Wednesday, April 2, 2014

Just shy of a year

It is just shy of a year since I learned the results of our son's exome.

I look back now as though it has been a decade of history instead of just 357 days.

I hope that knowledge was power for me, because instead of being torn down by my unchangeable DNA, I was empowered. My life today is completely unrecognizable from my reality a year ago. I am a different person - a new person, really. Do I like this new woman, who seems to have a stronger spine and a harder edge but a softer, more empathetic heart?

I guess that isn't for me to say.

I am happy for the women who have come up behind me for exomes - it seems that more families are seeing the benefit of this technology. It is providing answers where there wasn't any before, and that's powerful. I also see that insurance companies are much, much faster to deny the tests, but that research groups and even the labs themselves are picking up the insurance slack for the greater good.
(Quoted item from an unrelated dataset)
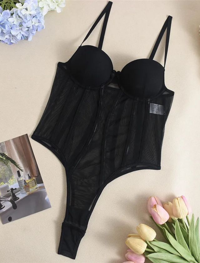 Elevate your look with our Sexy V-Neck Mesh Spaghetti Straps Bodysuit, designed to blend allure with sophistication. Featuring a sheer mesh design, deep V-neckline, and delicate spaghetti straps, this piece enhances your silhouette while adding a touch of daring elegance.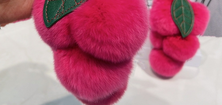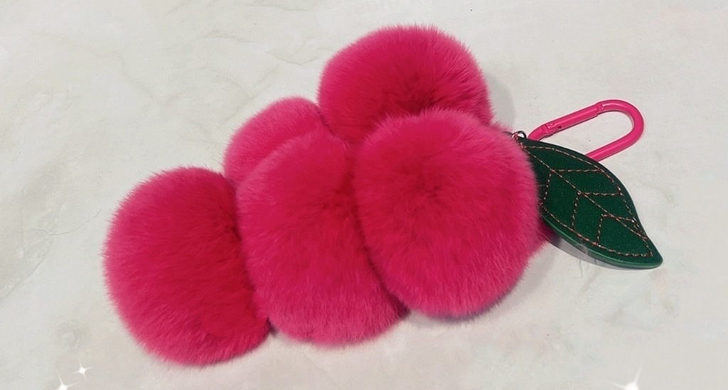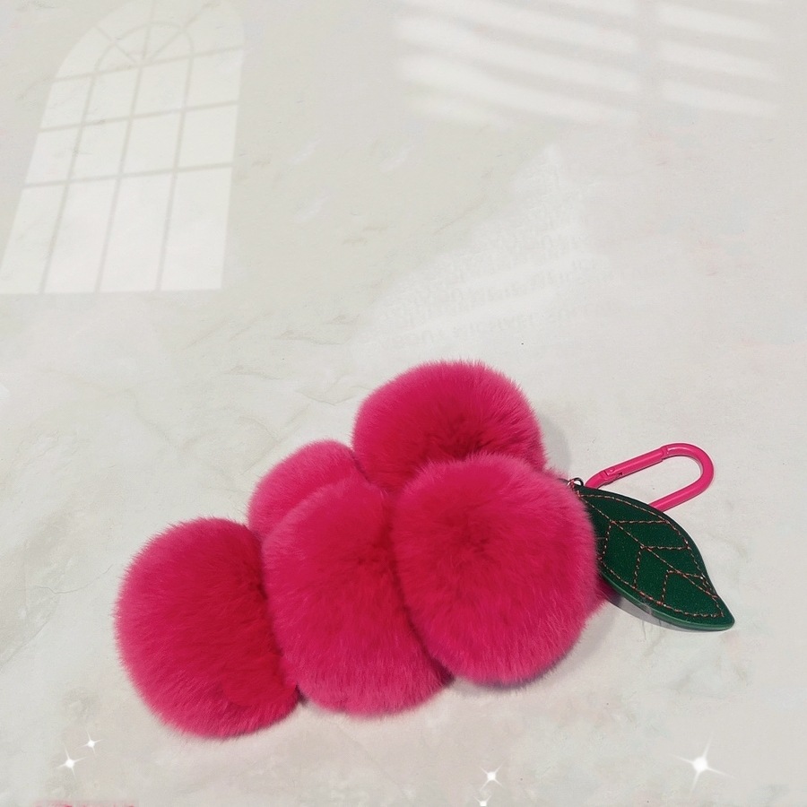 Super auténtico color fresa ~ real Rex conejo piel uva llavero coche colgante ins lindo bola de peluche bolsa adornos

I do still firmly believe that every single tested exome brings us closer to both overall and specific understanding of genetic disease. Every single person is a link in this long, long chain of knowledge. I believe that so much of what we think we know about genetics and genetic disease are guesses and theories and that a lot of those theories are wrong. I believe that those links of knowledge will shine brighter lights on the connections between things as common as Trisomy 21 and as rare as Congenital Disorder of Glycosylation 1g.

I leave this post with a bit of happiness - a glimmer of hope where I had none before. I introduce Clark to the blogosphere. He is three months of soul-saving love. He is smiles and cries and he holds my heart with the eyes I dreamed for his brother John and the smile I dreamed for his brother Drew. He is, by scientific definition, even more rare than his brothers. Clark is only the second known person to carry his particular microdeletion on Chromosome 22, gene ALG12. His father is the first one.

How about that for the most scientific paternity test in history?